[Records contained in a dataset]
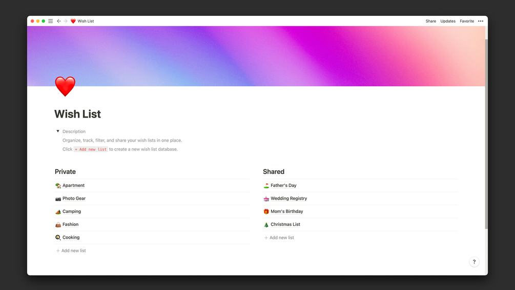 Organize, track, filter, and share your wish lists effortlessly in Notion!
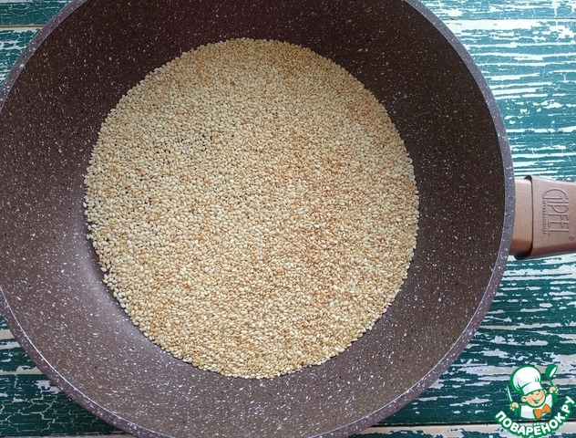 Кунжут обжарить на сухой сковороде до золотистого цвета.
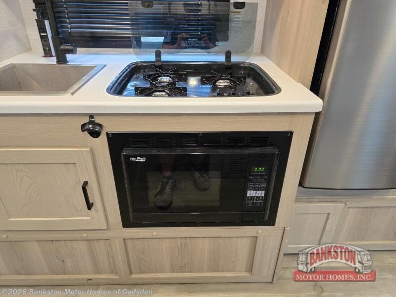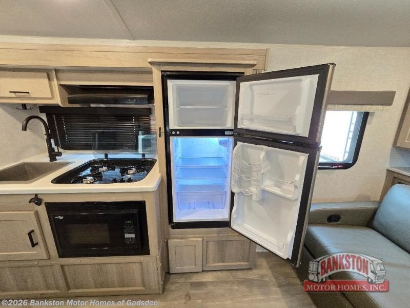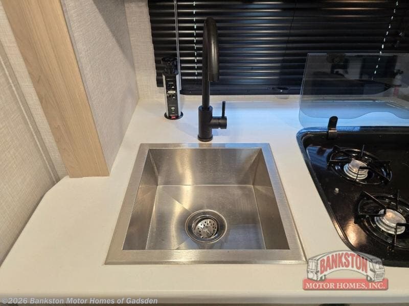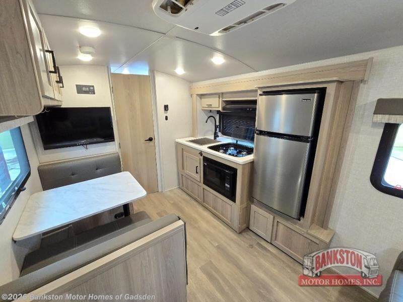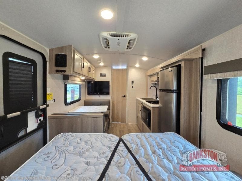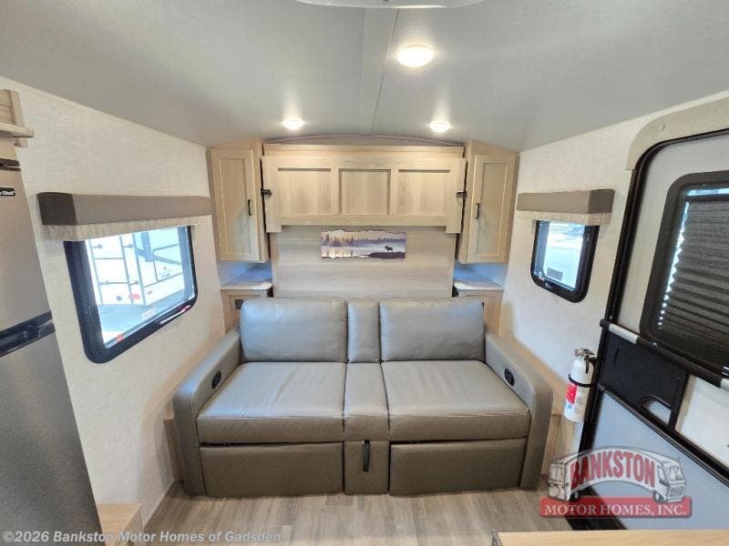 Camp with your favorite person in this trailer with the versatile Murphy bed/sofa combo up front giving you both a living area and a bedroom when you so choose. If you need sleeping space for one more, the dinette will provide that once easily setup. The large window gives you great views while dining or playing games, and the front windshield gives you more views. There is extra floor space in this trailer with the kitchen slide out that offers full amenities plus a sink to keep everything clean. And the full-length rear bathroom offers a spacious area to change your clothes in privacy and get cleaned up in the large shower.
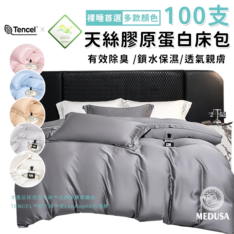 【MEDUSA美杜莎】100支膠原蛋白100%涼感天絲床包組 兩用被套組 涼感床包 天絲床單 素色床包 被套 保潔墊
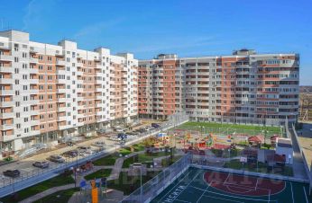 Жилой комплекс со своей придомовой территорией: детская площадка находится на стилобате, там же зона отдыха, мангалы, беседки, футбольное поле, волейбольное поле ,на нижнем уровне стилобата находится парковка.
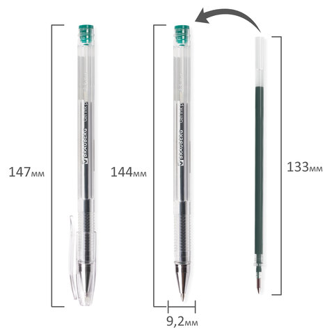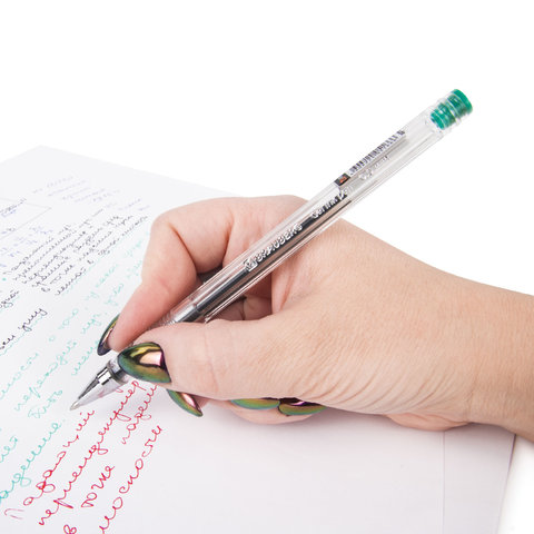 Ручка гелевая BRAUBERG "Jet", ЗЕЛЕНАЯ, корпус прозрачный, узел 0,5 мм, линия письма 0,35 мм, 141021
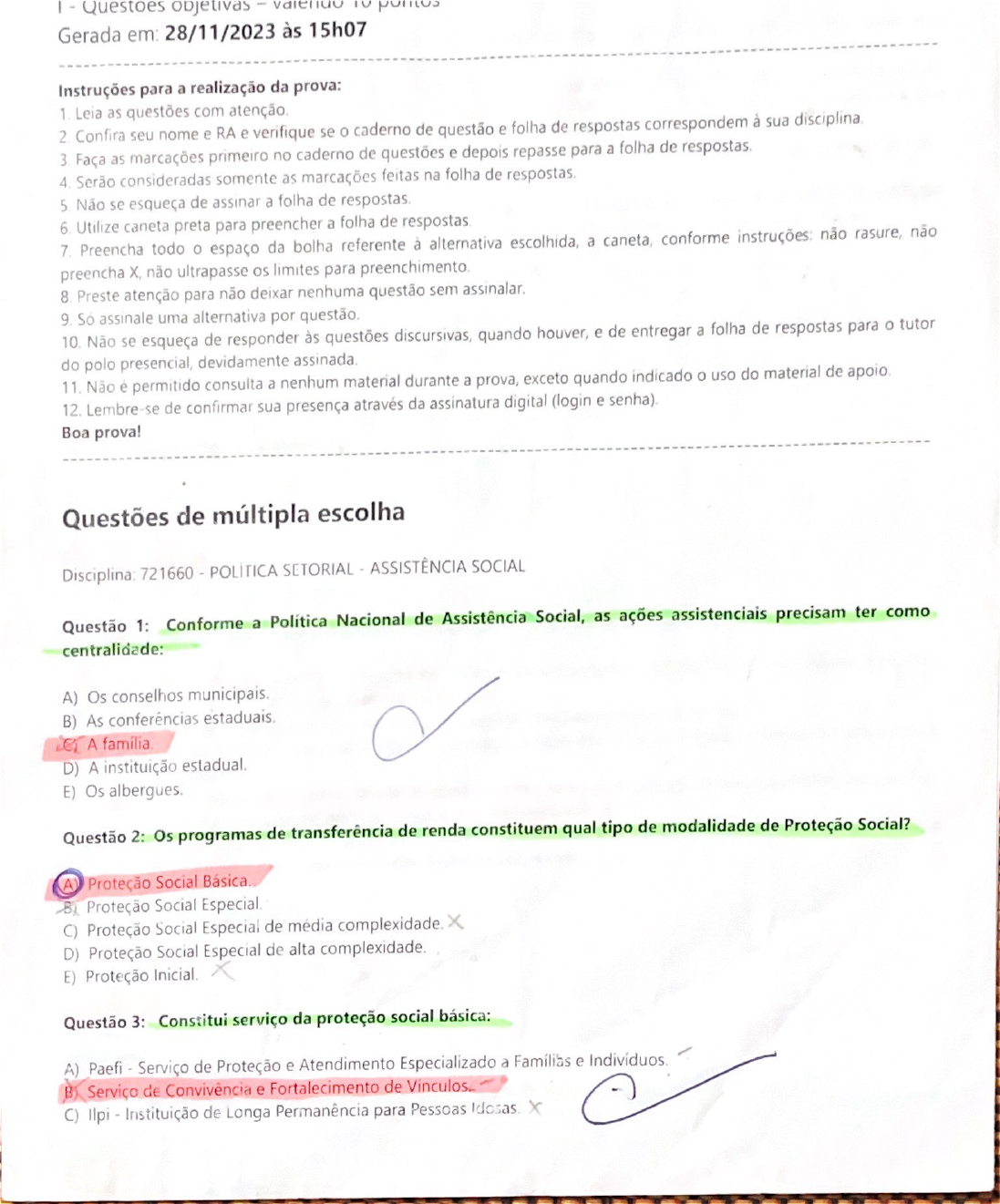<p>Questoes Gerada em: 28/11/2023 às 15h07 Instruções para a realização da prova: Leia as questões com atenção. Confira seu nome e RA e verifique se o caderno de questão e folha de respostas correspondem à sua disciplina. Faça as marcações primeiro no caderno de questões e depois repasse para a folha de respostas. 4. Serão consideradas somente as marcações feitas na folha de respostas. Não se esqueça de assinar a folha de respostas. 6. Utilize caneta preta para preencher a folha de respostas. 7. Preencha todo espaço da bolha referente à alternativa escolhida, a caneta, conforme instruções: não rasure, não preencha X, não ultrapasse os limites para preenchimento Preste atenção para não deixar nenhuma questão sem 9. Só assinale uma alternativa por questão. Não se esqueça de responder às questões discursivas, quando houver, e de entregar a folha de respostas para tutor do polo presencial, devidamente 11. Não é permitido consulta a nenhum material durante a prova, exceto quando indicado uso do material de apoio. 12. Lembre-se de confirmar sua presença através da assinatura digital (login e senha) Boa prova! Questões de múltipla escolha Disciplina: 721660 POLÍTICA SETORIAL ASSISTÊNCIA SOCIAL Questão 1: Conforme a Política Nacional de Assistência Social, as ações assistenciais precisam ter como centralidade: A) Os conselhos municipais. B) As conferências A D) A instituição E) Os albergues. Questão 2: Os programas de transferência de renda constituem qual tipo de modalidade de Proteção Social? Proteção Social Básica Proteção Social C) Proteção Social Especial de média D) Proteção Social Especial de alta complexidade. E) Proteção Inicial. Questão 3: Constitui serviço da proteção social básica: A) Paefi Serviço de Proteção e Atendimento Especializado a Famílias e Serviço de Convivência e Fortalecimento de Vínculos. C) Instituição de Longa Permanência para Pessoas</p><p>Serviço de proteção social a adolescentes em cumprimento de medida socioeducativa (MSE) de liberdade assistida (LA) e de prestação de serviços à comunidade E) Serviço de proteção em situações de calamidades públicas e de Questão 4: Planejar deve constituir-se de atividade presente no trabalho do profissional de Serviço Social, inclusive amparado pela Lei de Regulamentação da Profissão n. 8.662/1993, a qual define com precisão: Atribuições e competências do profissional de Serviço Social, trazendo vários direcionamentos às ações de gestão, programas ou projetos em que haja especificidade da matéria B) implementação e avaliação de políticas sociais por meio de planos, programas ou projetos em que haja especificidade da matéria. C) ações de gestão, administração, implementação e avaliação de políticas sociais de planos, programas ou projetos em que haja especificidade da D Atribuições e competências do profissional de Serviço Social, trazendo vanos às ações de gestão, administração, implementação e avaliação de políticas sociais por meio de planos, programas ou projetos em que haja especificidade da E) Atribuições e competências do profissional de Serviço Social, trazendo vários direcionamentos às ações de gestão Questão 5: No quadro a seguir estão dispostas as seguranças afianças e suas respectivas ações da proteção social. Faça a analise e associação correspondente entre a coluna da esquerda com a coluna da direita. 1-Segurança de Por meio de beneficios continuados e eventuais que assegurem proteção social básica à pessoas idosas e pessoas com deficiência, pessoas e famílias vítimas de calamidades e situações de forte fragilidade pessoal e familiar 2-Segurança de sobrevivência ou de b- Por meio de cuidados e serviços que restabeleçam vínculos rendimento e de pessoais, familiares, de vizinhança, de segmento 3- Segurança de convívio ou vivência C- Por meio de cuidados, servisose projetos operados em rede familiar com unidade de porta de entrada destinada a proteger e recuperar as situações de abendano e isolamento A associação correta é da alternativa: A) 1.a, 2.b. 3.c. B) 3.a 2.a, 3.b 1.c. 3.a. E) 1.a, 3.b. Questão 6: Nos processos de intervenção da assistência social, a participação popular é importante por quê: Serve de instrumento para regular a atuação do Estado às reais necessidades da população, caracterizando assim os básicos do Estado Democrático de II. Facilita a burocratização dos processos decisórios, ao exigir diversas instâncias de III. Reafirma nossa herança cultural marcada por períodos de repressão violenta a qualquer forma de participação e manifestação popular. IV. Atua como mecanismo de garantia que os direitos sociais sejam assegurados de forma universal à população, garantindo assim os princípios de proteção social e dos direitos humanos. Nossa herança colonial e suas práticas de exploração exacerbadas nos delegam limitações culturais e políticas à questão da participação e reconhecimento dos direitos sociais e civis. Estão certos APENAS os itens: A) Questão 7: As diretrizes que devem referendar as ações em Assistência Social no Brasil são as seguintes:</p><p>A defesa de direitos, que visa a garantir pleno acesso aos direitos no conjunto das provisões Participação da III Primazia da responsabilidade do Estado. administrativa V. A Descentralização proteção social, que visa à garantia da vida, à redução de danos e à prevenção da incidência de Estão corretas as afirmativas: II e III. e IV e V V de serviços, programas e projetos que visa a prevenir situações Social) de risco é: e que tais Questão serviços são 8: executados o conjunto de forma direta nos CRAS (Centros de Referência de Assistência A) Proteção Social Básica B) Proteção Social Especial. C) Proteção Social Especial de média complexidade. Proteção Social Especial de alta complexidade. E) Pr

(THE TASK): What is needed is every record above, restated word for word, with the pictures left out.

(SOLUTION):
 Organize, track, filter, and share your wish lists effortlessly in Notion!
 Кунжут обжарить на сухой сковороде до золотистого цвета.
 Camp with your favorite person in this trailer with the versatile Murphy bed/sofa combo up front giving you both a living area and a bedroom when you so choose. If you need sleeping space for one more, the dinette will provide that once easily setup. The large window gives you great views while dining or playing games, and the front windshield gives you more views. There is extra floor space in this trailer with the kitchen slide out that offers full amenities plus a sink to keep everything clean. And the full-length rear bathroom offers a spacious area to change your clothes in privacy and get cleaned up in the large shower.
 【MEDUSA美杜莎】100支膠原蛋白100%涼感天絲床包組 兩用被套組 涼感床包 天絲床單 素色床包 被套 保潔墊
 Жилой комплекс со своей придомовой территорией: детская площадка находится на стилобате, там же зона отдыха, мангалы, беседки, футбольное поле, волейбольное поле ,на нижнем уровне стилобата находится парковка.
 Ручка гелевая BRAUBERG "Jet", ЗЕЛЕНАЯ, корпус прозрачный, узел 0,5 мм, линия письма 0,35 мм, 141021
<p>Questoes Gerada em: 28/11/2023 às 15h07 Instruções para a realização da prova: Leia as questões com atenção. Confira seu nome e RA e verifique se o caderno de questão e folha de respostas correspondem à sua disciplina. Faça as marcações primeiro no caderno de questões e depois repasse para a folha de respostas. 4. Serão consideradas somente as marcações feitas na folha de respostas. Não se esqueça de assinar a folha de respostas. 6. Utilize caneta preta para preencher a folha de respostas. 7. Preencha todo espaço da bolha referente à alternativa escolhida, a caneta, conforme instruções: não rasure, não preencha X, não ultrapasse os limites para preenchimento Preste atenção para não deixar nenhuma questão sem 9. Só assinale uma alternativa por questão. Não se esqueça de responder às questões discursivas, quando houver, e de entregar a folha de respostas para tutor do polo presencial, devidamente 11. Não é permitido consulta a nenhum material durante a prova, exceto quando indicado uso do material de apoio. 12. Lembre-se de confirmar sua presença através da assinatura digital (login e senha) Boa prova! Questões de múltipla escolha Disciplina: 721660 POLÍTICA SETORIAL ASSISTÊNCIA SOCIAL Questão 1: Conforme a Política Nacional de Assistência Social, as ações assistenciais precisam ter como centralidade: A) Os conselhos municipais. B) As conferências A D) A instituição E) Os albergues. Questão 2: Os programas de transferência de renda constituem qual tipo de modalidade de Proteção Social? Proteção Social Básica Proteção Social C) Proteção Social Especial de média D) Proteção Social Especial de alta complexidade. E) Proteção Inicial. Questão 3: Constitui serviço da proteção social básica: A) Paefi Serviço de Proteção e Atendimento Especializado a Famílias e Serviço de Convivência e Fortalecimento de Vínculos. C) Instituição de Longa Permanência para Pessoas</p><p>Serviço de proteção social a adolescentes em cumprimento de medida socioeducativa (MSE) de liberdade assistida (LA) e de prestação de serviços à comunidade E) Serviço de proteção em situações de calamidades públicas e de Questão 4: Planejar deve constituir-se de atividade presente no trabalho do profissional de Serviço Social, inclusive amparado pela Lei de Regulamentação da Profissão n. 8.662/1993, a qual define com precisão: Atribuições e competências do profissional de Serviço Social, trazendo vários direcionamentos às ações de gestão, programas ou projetos em que haja especificidade da matéria B) implementação e avaliação de políticas sociais por meio de planos, programas ou projetos em que haja especificidade da matéria. C) ações de gestão, administração, implementação e avaliação de políticas sociais de planos, programas ou projetos em que haja especificidade da D Atribuições e competências do profissional de Serviço Social, trazendo vanos às ações de gestão, administração, implementação e avaliação de políticas sociais por meio de planos, programas ou projetos em que haja especificidade da E) Atribuições e competências do profissional de Serviço Social, trazendo vários direcionamentos às ações de gestão Questão 5: No quadro a seguir estão dispostas as seguranças afianças e suas respectivas ações da proteção social. Faça a analise e associação correspondente entre a coluna da esquerda com a coluna da direita. 1-Segurança de Por meio de beneficios continuados e eventuais que assegurem proteção social básica à pessoas idosas e pessoas com deficiência, pessoas e famílias vítimas de calamidades e situações de forte fragilidade pessoal e familiar 2-Segurança de sobrevivência ou de b- Por meio de cuidados e serviços que restabeleçam vínculos rendimento e de pessoais, familiares, de vizinhança, de segmento 3- Segurança de convívio ou vivência C- Por meio de cuidados, servisose projetos operados em rede familiar com unidade de porta de entrada destinada a proteger e recuperar as situações de abendano e isolamento A associação correta é da alternativa: A) 1.a, 2.b. 3.c. B) 3.a 2.a, 3.b 1.c. 3.a. E) 1.a, 3.b. Questão 6: Nos processos de intervenção da assistência social, a participação popular é importante por quê: Serve de instrumento para regular a atuação do Estado às reais necessidades da população, caracterizando assim os básicos do Estado Democrático de II. Facilita a burocratização dos processos decisórios, ao exigir diversas instâncias de III. Reafirma nossa herança cultural marcada por períodos de repressão violenta a qualquer forma de participação e manifestação popular. IV. Atua como mecanismo de garantia que os direitos sociais sejam assegurados de forma universal à população, garantindo assim os princípios de proteção social e dos direitos humanos. Nossa herança colonial e suas práticas de exploração exacerbadas nos delegam limitações culturais e políticas à questão da participação e reconhecimento dos direitos sociais e civis. Estão certos APENAS os itens: A) Questão 7: As diretrizes que devem referendar as ações em Assistência Social no Brasil são as seguintes:</p><p>A defesa de direitos, que visa a garantir pleno acesso aos direitos no conjunto das provisões Participação da III Primazia da responsabilidade do Estado. administrativa V. A Descentralização proteção social, que visa à garantia da vida, à redução de danos e à prevenção da incidência de Estão corretas as afirmativas: II e III. e IV e V V de serviços, programas e projetos que visa a prevenir situações Social) de risco é: e que tais Questão serviços são 8: executados o conjunto de forma direta nos CRAS (Centros de Referência de Assistência A) Proteção Social Básica B) Proteção Social Especial. C) Proteção Social Especial de média complexidade. Proteção Social Especial de alta complexidade. E) Pr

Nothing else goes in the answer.